Reproducible data management with Maven

A picture says less than 100 words

Use case: pharmacological reference data

Open PHACTS combines pharmacological data in a single Linked Data cache, and provide RESTful APIs to query and examine the data in a uniform interface. Data is loaded from several data providers like EBI and Uniprot - some of it is loaded directly as RDF, other datasets are translated to RDF from more specific data formats. A series of VoID linksets are also loaded to provide identity equivalence across the different RDF graphs. These linksets are derived from existing references in the earlier loaded data sources, but can also be found computationally (e.g. by comparing chemical structures or protein sequences).

Building Open PHACTS showed a challenge in how to keep all these data sources up to date, particularly when changing our architecture to allow for a Docker-based installation of the Open PHACTS platform and data at customer sites.

Open PHACTS platform is a service oriented architecture with components like a mySQL database, Virtuoso RDF store, memcache and PHP, Tomcat and ElasticSearch. We found Docker to be a great tool for managing and deploying these components in isolation, and combined with Docker Compose, provide an easy way to link them together to form a uniform and installable platform.

The mechanism of Dockerfile provides a reproducible way to build docker images, which can be created automatically by the Docker hub, typically based on a GitHub repository. Changes pushed to the GitHub repository causes a new Docker image to be built. Instructions in the Dockerfile consists of commands like ADD and RUN.

The challenge in setting up the Open PHACTS platform is the data loading. Docker images are stored as a series of differential file system layers, which can be pushed and pull from registries like the Docker Hub and third-party installations of the Docker Registry. This mechanism works well for typical Docker applications, where each layer can have a size in the magnitude of 100 MB, and the full Docker image a size of the magnitude 1 GB. We found that using this mechanism breaks down when used with the Open PHACTS data, which can be in the magnitude of 100 GB as uncompressed RDF.

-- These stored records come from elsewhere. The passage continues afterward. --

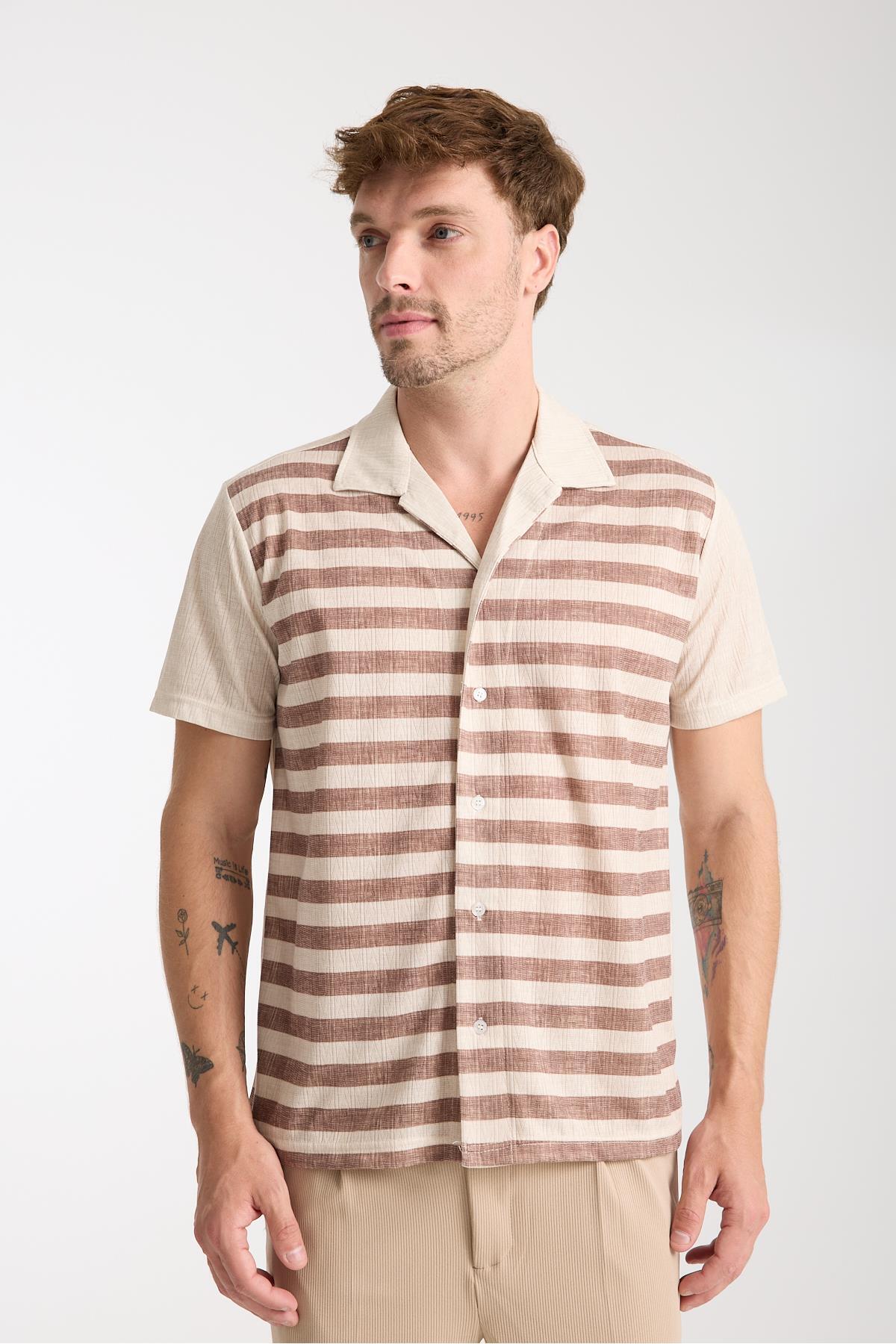 Kahverengi Beyaz Çizgili Erkek Kısa Kollu Yazlık Gömlek – Düğmeli, Açık Yaka, Rahat Kalıp Kahverengi Beyaz Çizgili Erkek Kısa Kollu Yazlık Gömlek – Düğmeli, Açık Yaka, Rahat Kalıp AFRIGM1 2XL
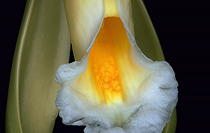 As flores são de um amarelo esverdeado pálido, ligeiramente semelhante ao colorido das folhas, e abrem uma a uma, com intervalos de aproximadamente dois dias entre elas.
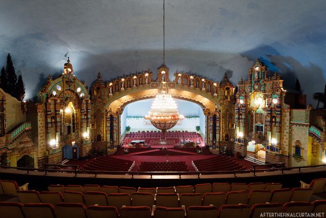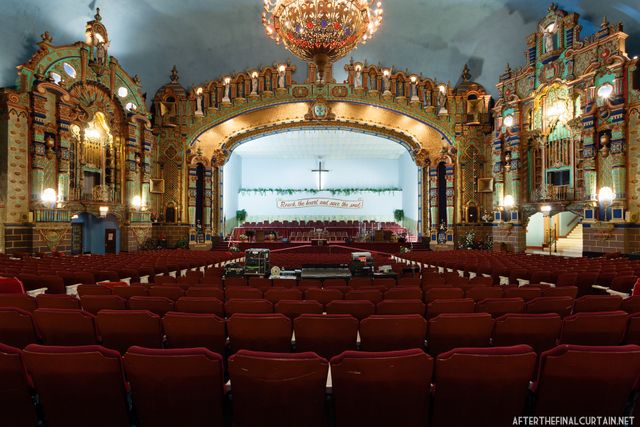 As other movie palaces, the Valencia Theater stands as a testament to the grand aspirations of engineers and architects during the first half of the 20th century, who envisioned theaters as spaces that could transport their audiences to the farthest stretches of their imagination. From its inception, the Valencia Theater entertained audiences until 1977, when it was forced to close its doors due to the City’s gradual decline. In 1979, the building was donated to the Tabernacle of Prayer for All People. The church kept the interior preserved, and has made a few slight alterations to the interior. A chandelier was added to the auditorium, and a number of formerly nude sculptures that once stood in the niches have been replaced with angels.

Use case: Galaxy and NCBI Blast data

My open Gigascience review and re-review of Peter Cock's GigaScience article "NCBI BLAST+ integrated into Galaxy": (Cock 2015)

Open science - with Immediate response and impact:


  • Docker easy to install Galaxy and BLAST plugin - easy to review paper
  • But not the NCBI Blast reference data (10-100 GB)
  • Could not verify the workflows - not reproducible science
  • Proposed: BLAST Data manager plugin for Galaxy
  • NCBI Blast data changes nightly - which version did you use? No metadata - self-provenance. How to keep it up to date?
  • Suggestion:
    1. Data Docker to be used as an add-on with existing Galaxy plugin.
    2. Automated job for making new, VERSIONED NCBI artifacts.
    3. Inject provenance.
    4. Self-archival and identification of the reference data that was actually used, not just "Come try my Galaxy server, I promise I didn't update anything!"

Reproducibility in software development

Apache Maven

Apache Maven is a build and dependency management system that is widely popular for the Java platform. While newer build systems like Apache Ivy and Gradle have evolved to counter Maven's apparent verbosity and lack of flexibility, they still derive their dependency resolution and metadata aspects from Maven.

A software project that is built using Maven defines its compile settings and metadata in a pom.xml file. Maven has an extensive list of official and third-party plugins to cater for customized build requirement, but also strongly encourage a fixed directory structure (e.g. main source code in src/main/java and test resources in src/test/resources) and convention over configuration (Lazar 2009). The metadata can contain information about authors, contact details and source code repositories, which will be bundled with the produced binaries for provenance purposes, but can also be used by the Maven Site plugin to generate a website for the project.

Building the Maven project produces one or more Maven artifacts (e.g. a JAR file), identified with a group identifier (e.g. com.example.project1), an artifact identifier (project1-api), version (1.4.0-SNAPSHOT) and type (jar). Dependencies are specified using the same attributes, and the corresponding precompiled binaries are automatically retrieved from Maven repositories, including transitive dependencies found in the dependency's deployed pom file and any plugins required for building.

Maven repositories are HTTP-based directory structures, and include the Maven Central and Bintray JCenter which hosts a majority of open source JVM libraries, but can be hosted by any standard file-based HTTP server like Apache HTTPd and nginx. Organizations relying on Maven may be hosting in-house artifacts in private repository installations of JFrog Artifactory and Sonatype Nexus, which adds enterprise features such as rich access control, release mechanisms and transparent mirroring of artifacts from external Maven repositories.

Build systems like Maven lower the barrier of entry for developing and deploying Java-based open source software (citation needed), as its conventions provide a well-known structure for the source code and its build routine, but also because of its automatic management of dependencies and plugins, which ideally means that the only requirement for reproducibly building any Maven-based product would be Java and Maven itself.